Cleverson Rosário dos Santos known simply as Cleverson (born  17 December 1983 in Cachoeira do Sul (Rio Grande do Sul), Brazil) is a Brazilian professional footballer who currently plays for Cuiabá Esporte Clube. He usually plays in the attacking midfielder position.

Club career
After stand out and win the Championship by Chapecoense Catarinense 2011, [1] was hired by Cleverson Avaí to operate in the Brazilian Championship Serie A. [2] His debut for the team in Florianopolis, occurred on June 26, 2011 in a game valid for the Brazilian Championship in which Avai was defeated by 1–0 to Fluminense in Ressacada. [3] in his ninth game for Avai Cleverson noted his first goal for the club.

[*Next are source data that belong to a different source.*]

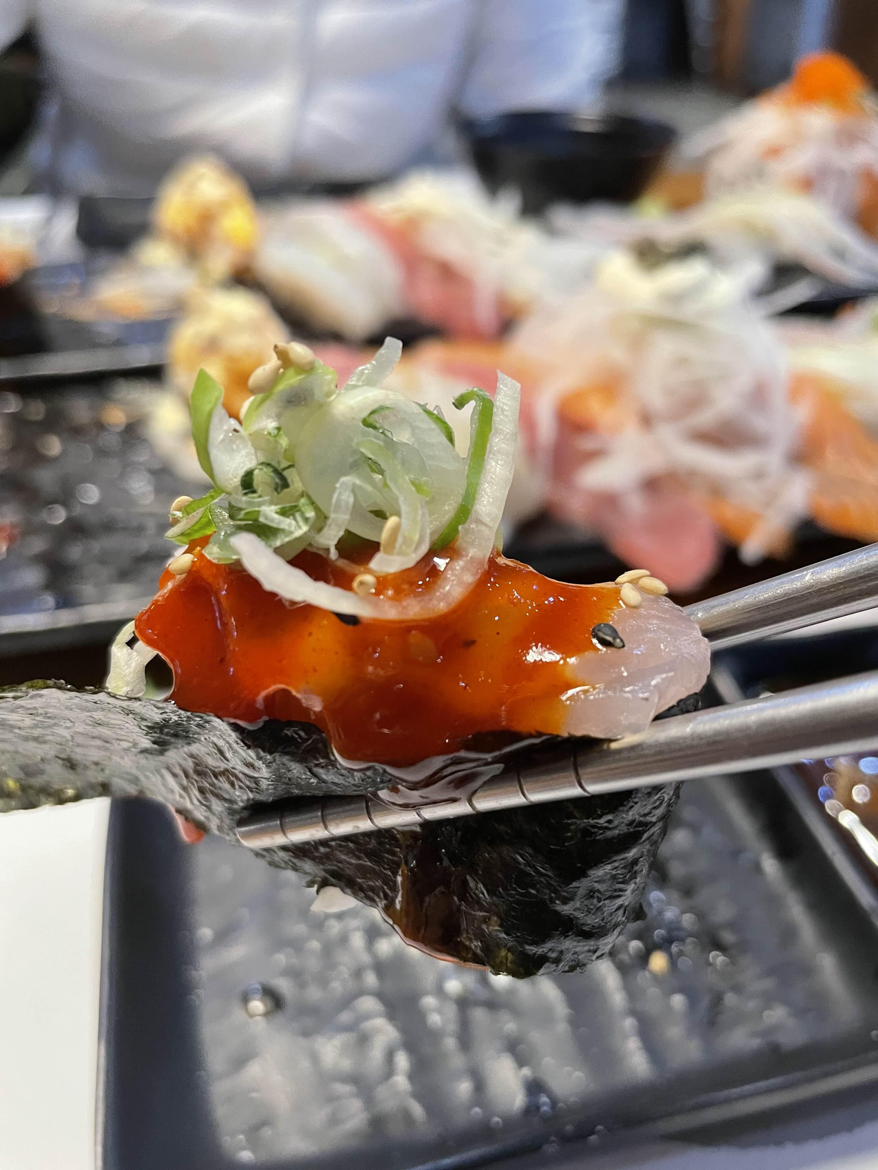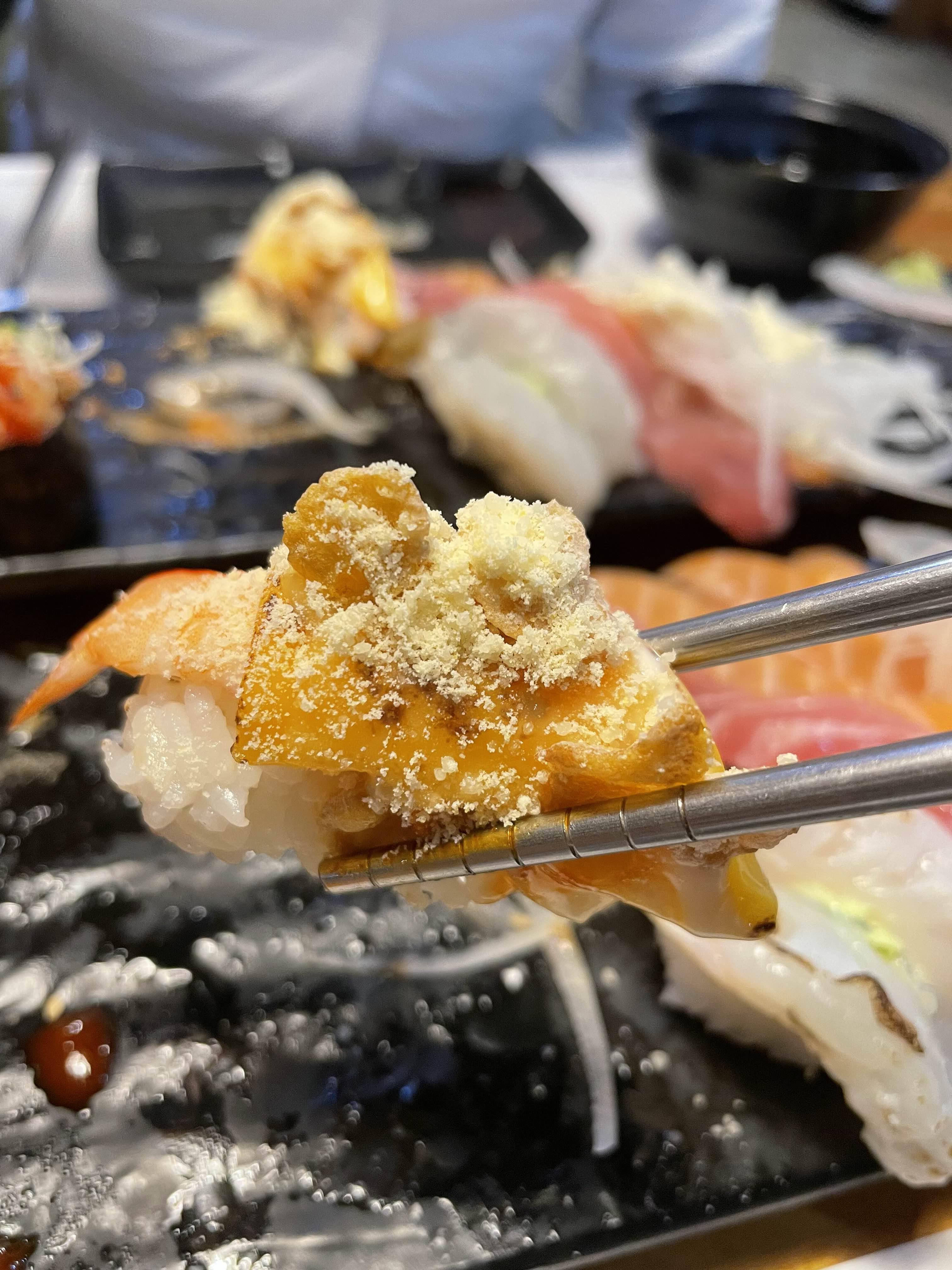 이건 새우 치즈 초밥이었는데, 위에 올라간 가루(?)의 맛도 좋았고 치즈의 풍미와 새우의 맛이 함께 느껴져서 느끼한 음식을 좋아하는 사람들에게는 안성맞춤인 초밥이 아닐까 생각한다.(개인적으로 내 취향은 아니었음)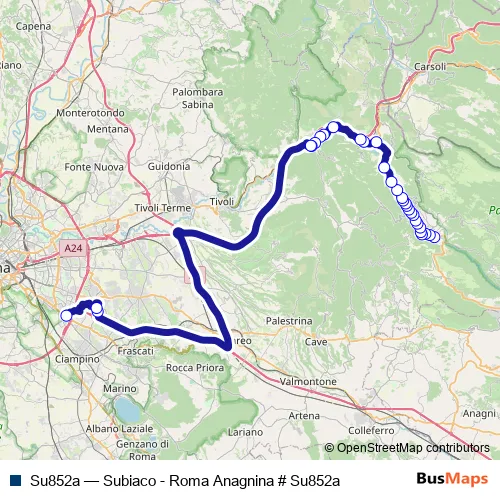 The first stop of the Su852a bus route is Subiaco | Piazza Falcone # f4782 and the last stop is Roma | Anagnina (Metro A) # f3583. Su852a (Subiaco - Roma Anagnina # Su852a) is operational during on weekdays.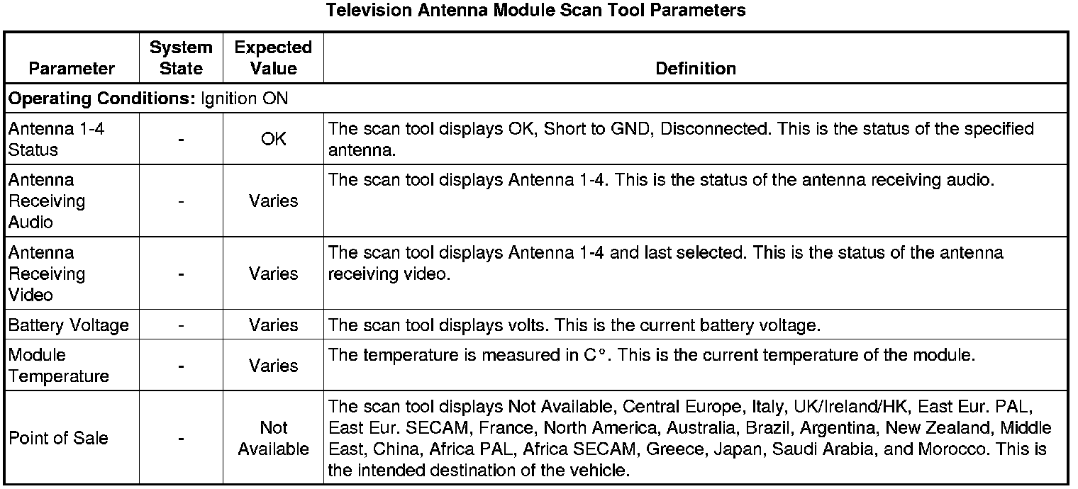 Television Antenna Module Scan Tool Information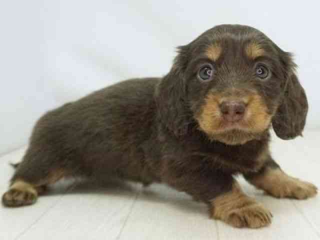 お鼻短め!むちむち体型が可愛いダックスちゃん☆ 今のところおっとりマイペースさんです♪ 3/26→0.98kg 父:チョコレートダップル(カニーンヘン) 母:チョコレート&タン 3kg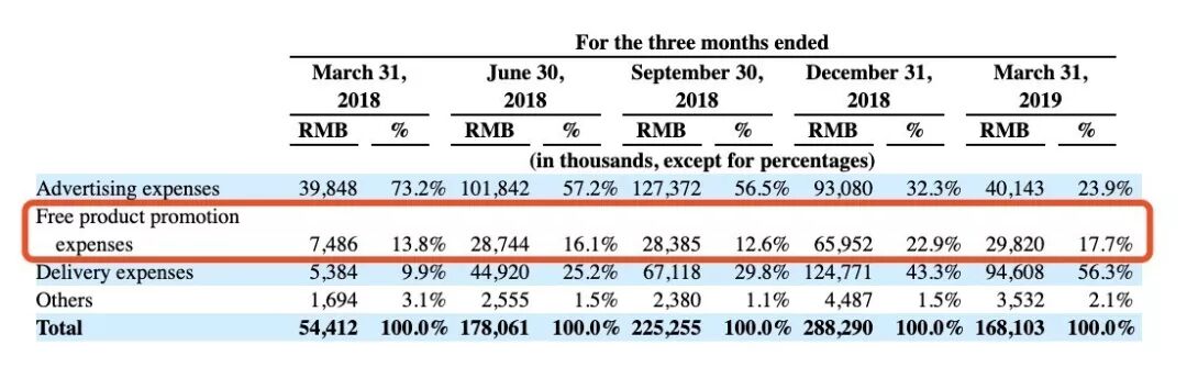 运营成本方面,2019年第一季度的运营成本为1.01亿元,相比上年同期的1381万元增长了755%。其中占据运营成本较大的项目为销售和推广费用、店面租赁和运营成本、原材料成本、管理费用。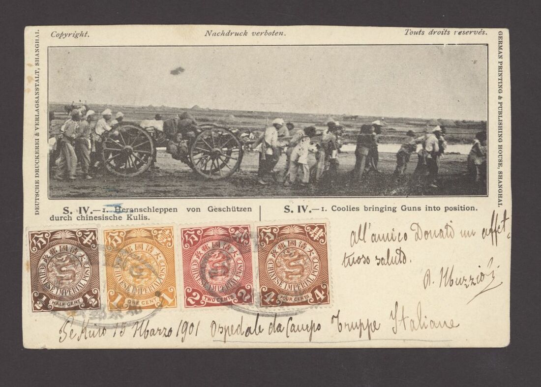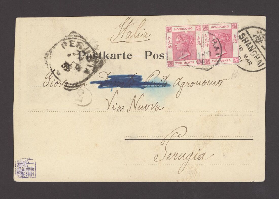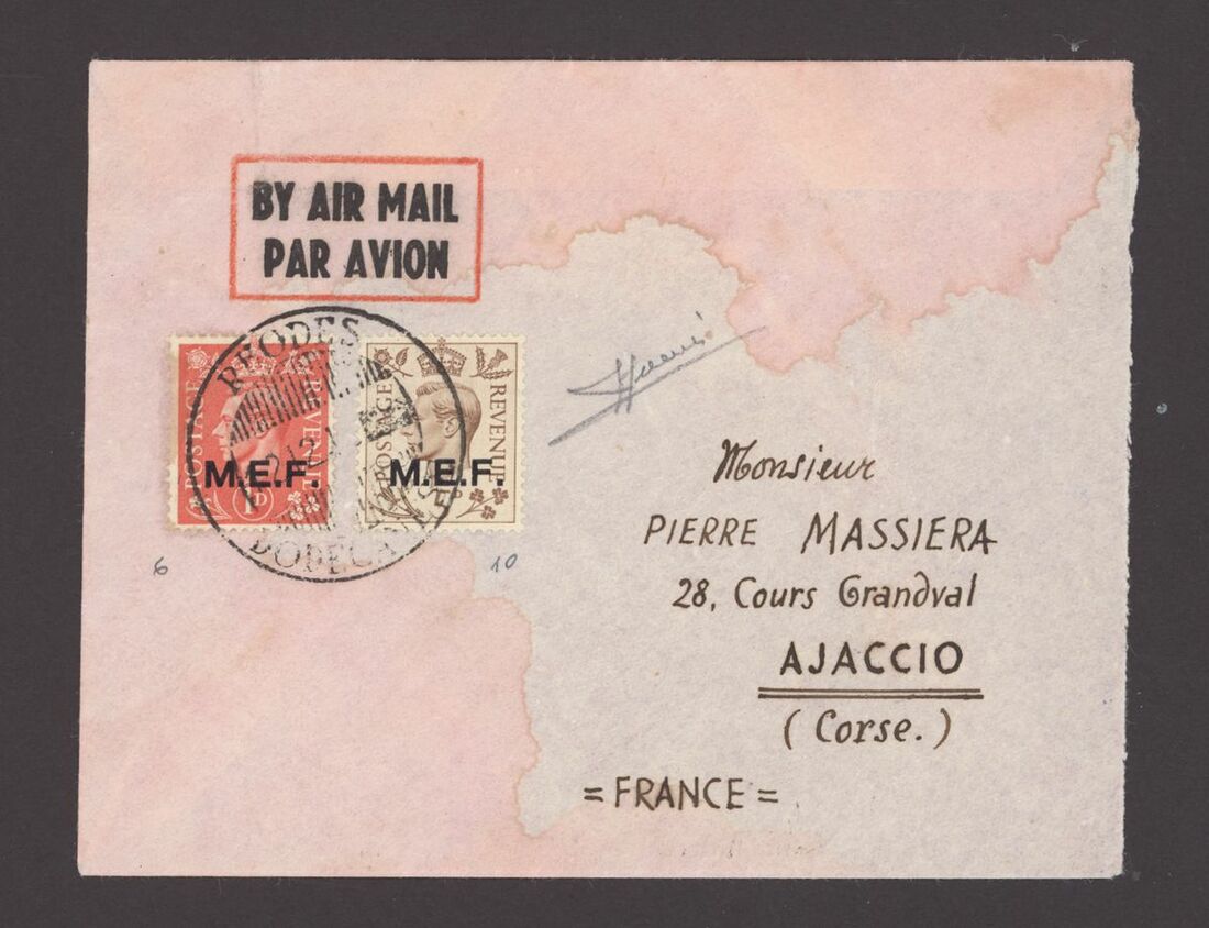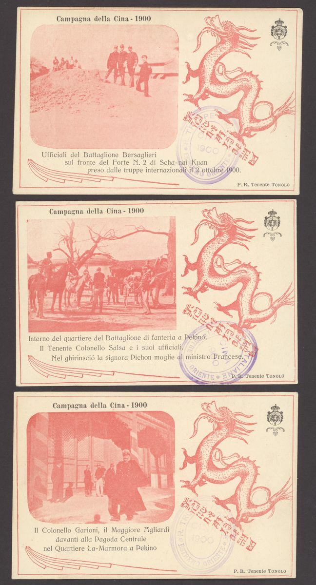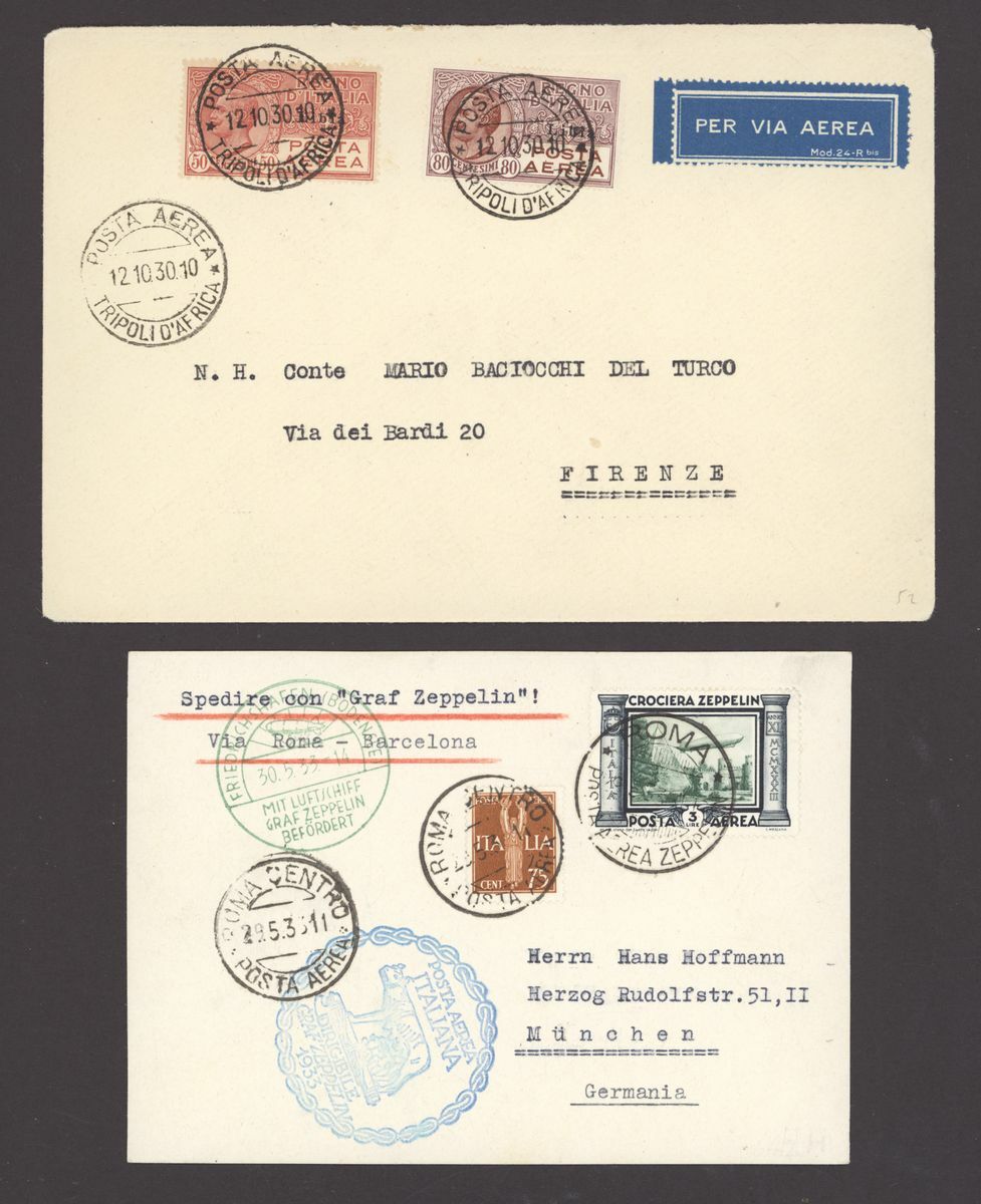Postal history selection (7) including 1901 postcard marked 'Ospedale da Campo truppe Italiane' from Peking to Perugia franked on the picture side with China CIP ½c., 1c., 2c. and 4c. and on the address side with Hong Kong 2c. pair; three different unused postcards 'Campagna della Cina 1900', 1933 Zeppelin card to Munich; 1930 envelope from Tripoli to Florence bearing Italy air mail stamps 50c. and 80c.; also an envelope from Rhodes to Ajaccio bearing M.E.F. 1d. and 5d. with Sorani certificate. Mixed condition.

It was a beautiful shot from outside the area, [4] scoring the third goal in the game where Avai beat Ceara 3-0 by the Presidente Vargas stadium in Fortaleza. [5]
On October 22, 2011, Cleverson marks a home run. In the game in which Avai beat Botafogo in Ressacada by 3-2 by the 31st round of the Brazilian Championship, Cleverson marked by bicycle, the second goal of the team. [6] [7] After not much advantage in Avaí in season 2012, Cleverson was negotiated with the Nautical. [8]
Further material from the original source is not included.